### Your goal:
Your output should be the complete listing, word for word, with no pictures in it.

### Exercise data:
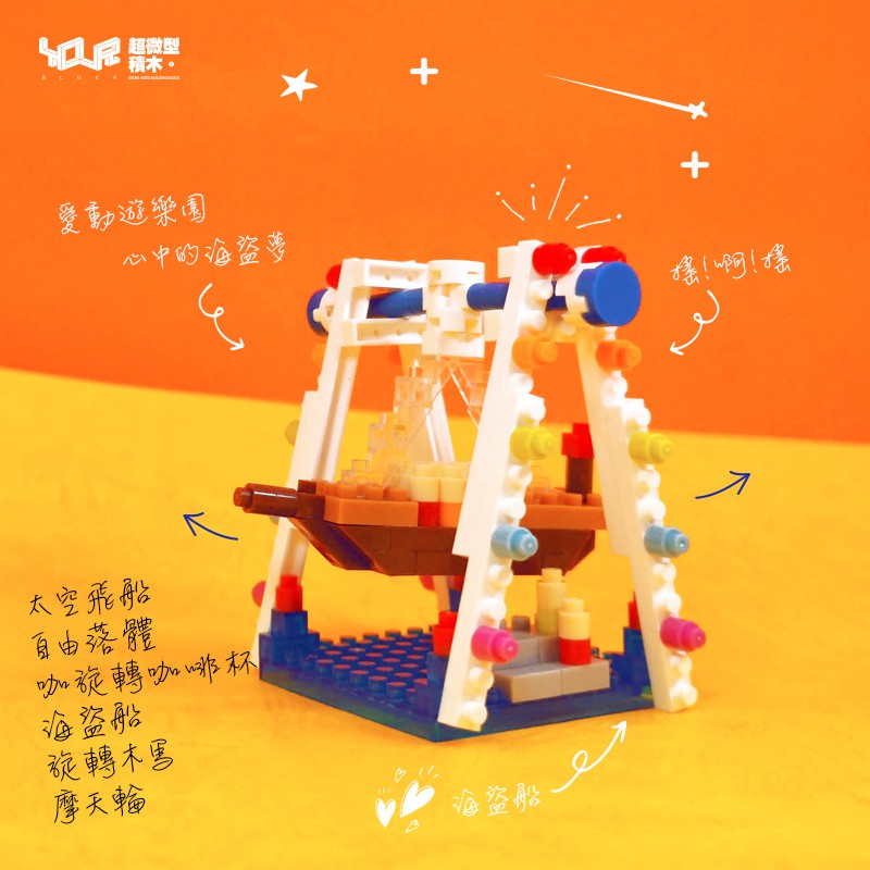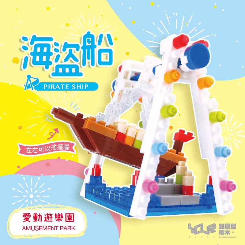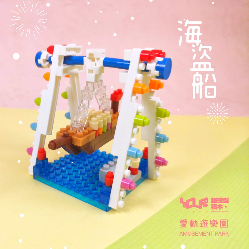 YouRblock微型積木-海盜船-MIT積木客制化-左右擺盪乘風破浪-愛動遊樂園附膠水
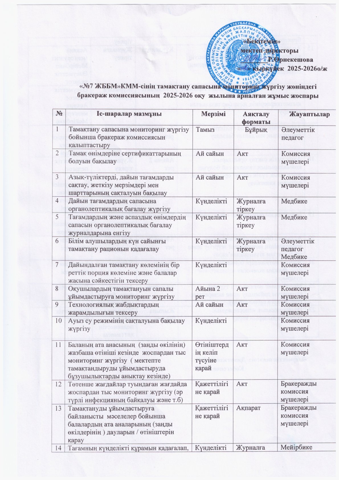 "№7 ЖББМ" КММ-нің тамақтану сапасына мониторинг жүргізу жөніндегі бракераж комиссиясының 2024-2025 оқу жылына арналған жұмыс жоспары
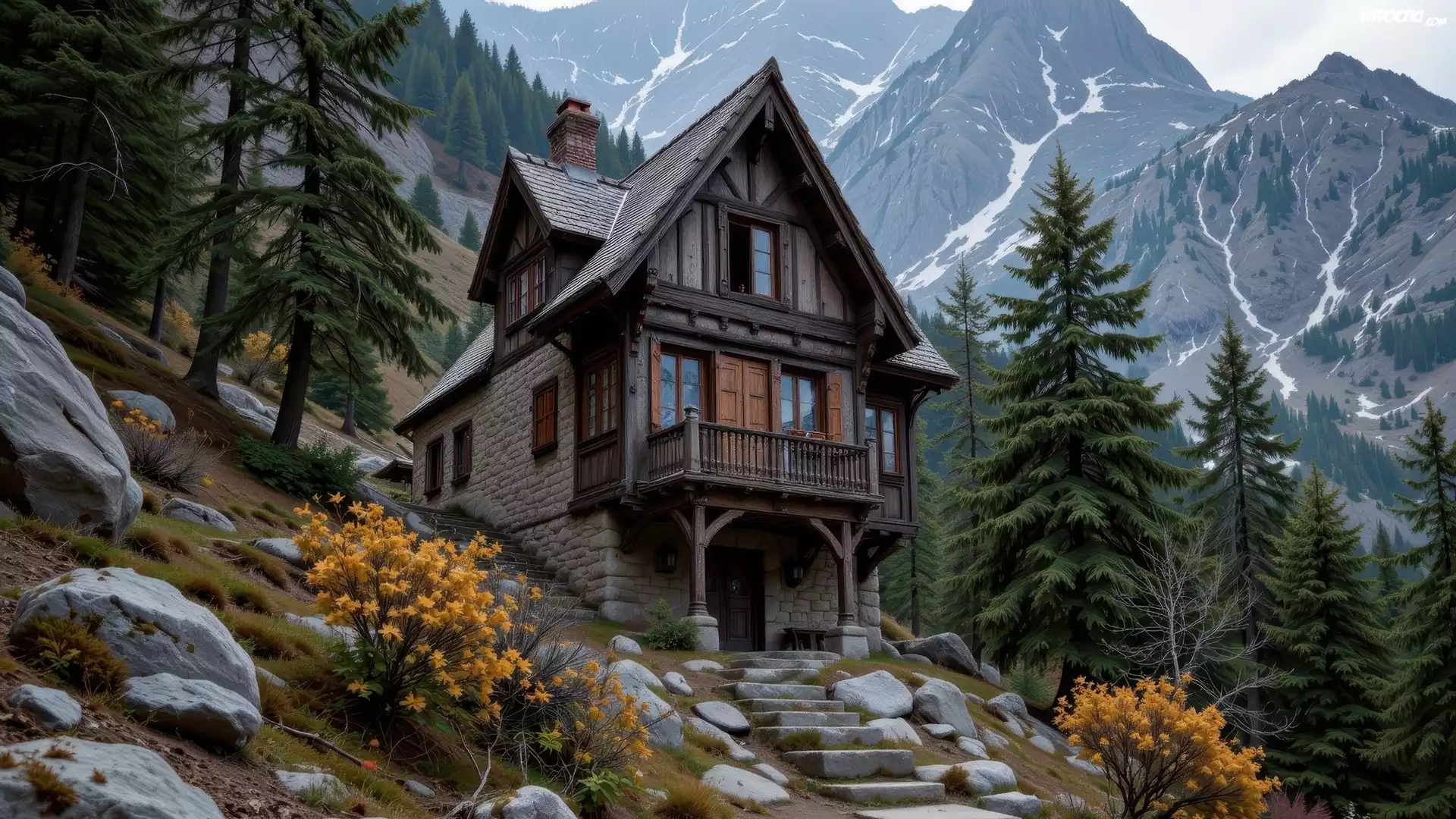 Góry, Dom, Schody, Skały, Drzewa, Grafika AI
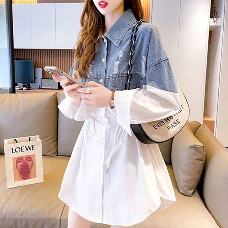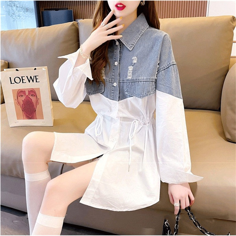 PF263#牛仔拼接外套女春装新款宽松休闲长袖时尚上衣网红欧洲站女装

### Solution below:
 YouRblock微型積木-海盜船-MIT積木客制化-左右擺盪乘風破浪-愛動遊樂園附膠水
 "№7 ЖББМ" КММ-нің тамақтану сапасына мониторинг жүргізу жөніндегі бракераж комиссиясының 2024-2025 оқу жылына арналған жұмыс жоспары
 Góry, Dom, Schody, Skały, Drzewa, Grafika AI
 PF263#牛仔拼接外套女春装新款宽松休闲长袖时尚上衣网红欧洲站女装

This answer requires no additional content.